Dès la fin de la lecture du tendé, la foule se rue pour se procurer quelques grains. Chacun en avale 7 et repartit les autres dans les divers coins de la maison. Ce sont les restes de graviers qui sont portés par les femmes chez le sultan. Ce transport rituel se fait en 7 voyages au coucher du soleil accompagnés de chansons religieuses et de la musique. Au dernier voyage, la petite foule se rend auprès du Sultan qui essuie avec la main le tambour des porteuses de gravier et se frotte la figure en guise de bénédiction.

Ensuite, c’est au tour des femmes du sultan, de ses enfants et puis de la foule de faire le même geste pour obtenir la bénédiction du sultan.
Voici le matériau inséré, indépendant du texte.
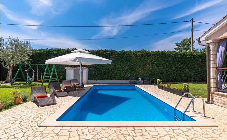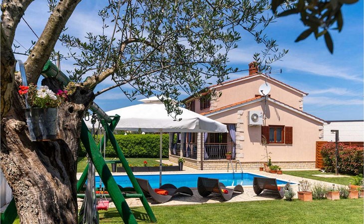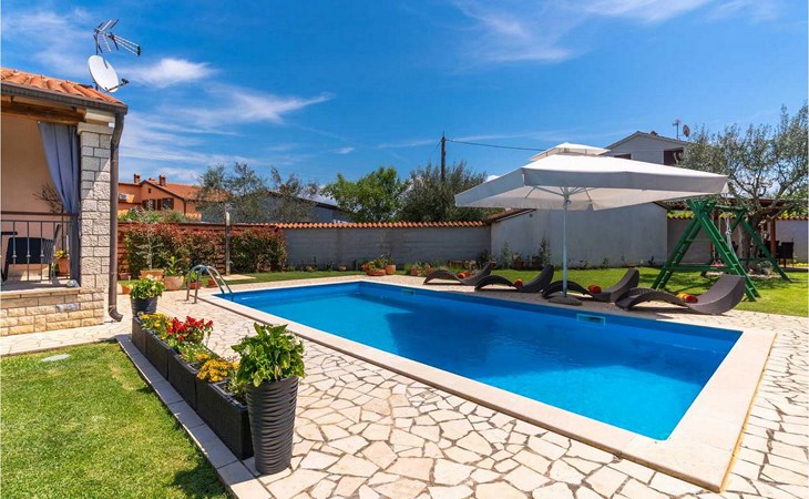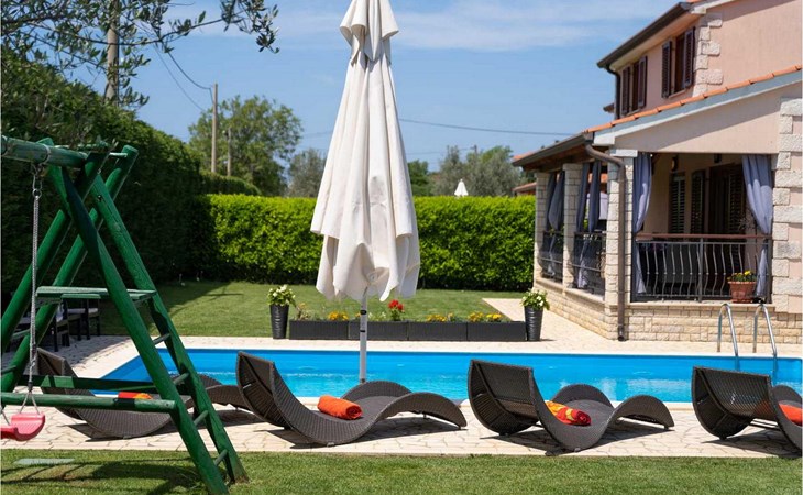 Het huis is gebouwd in 2007 en uitgerust met nieuw en modern meubilair. Het ligt op een eigen grondstuk van 500 vierkante meter en biedt zijn gasten een buitenzwembad, een goed onderhouden tuin met loungeset en barbecue, een overdekt terras met zitje, een speeltuin en een eigen parkeerplaats.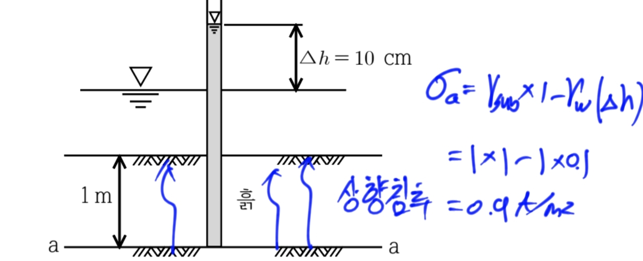 상향침투가 발생하면 유효응력이 감소한다는 것이다. 왜 인지는 알아서 생각해봐..

A In’gall particulièrement le mouloud dure un mois.

A In’gall particulièrement le mouloud est fêté depuis la nuit des temps et symbolise la naissance du prophète Mohamed. Cette fête est célébrée en deux phases chez les Issawaghens. Le 11 du mois lunaire Rabioul Awal ou Almouloud en Tessawak et le baptême une semaine après.

Cette fête s’appelle Almouloud. Les Ingallawas Issawaghens lui accordent tellement d’importance que même les enfants nés courant ce mois se baptisent Maouli pour les garçons et Khadija pour les filles (nom célèbre de la compagne du prophète). Dix jours avant le jour «J» les marabouts organisent des séances de lecture du coran et des éloges du prophète.

Enfin le jour «J»: dès 15 h 30, les vieilles femmes se mettent en place pour Azirey-Zerey signifiant l’arrivée du prophète au monde. Des danses au son des Akanazam, sortes de tambourins et des chants envahissent tout le village. Dans la nuit, le rythme devient plus endiablé car, l’heure de la naissance se fait plus proche.

Aux premières lueurs du jour, l’enfant prodigue naquit. Tout le village éclate de joie: les cœurs apaisés et joyeux, tout le monde rentre à la maison en remerciant le miséricordieux. Une semaine après, tout se remet en place pour le baptême avec beaucoup plus de sérénité.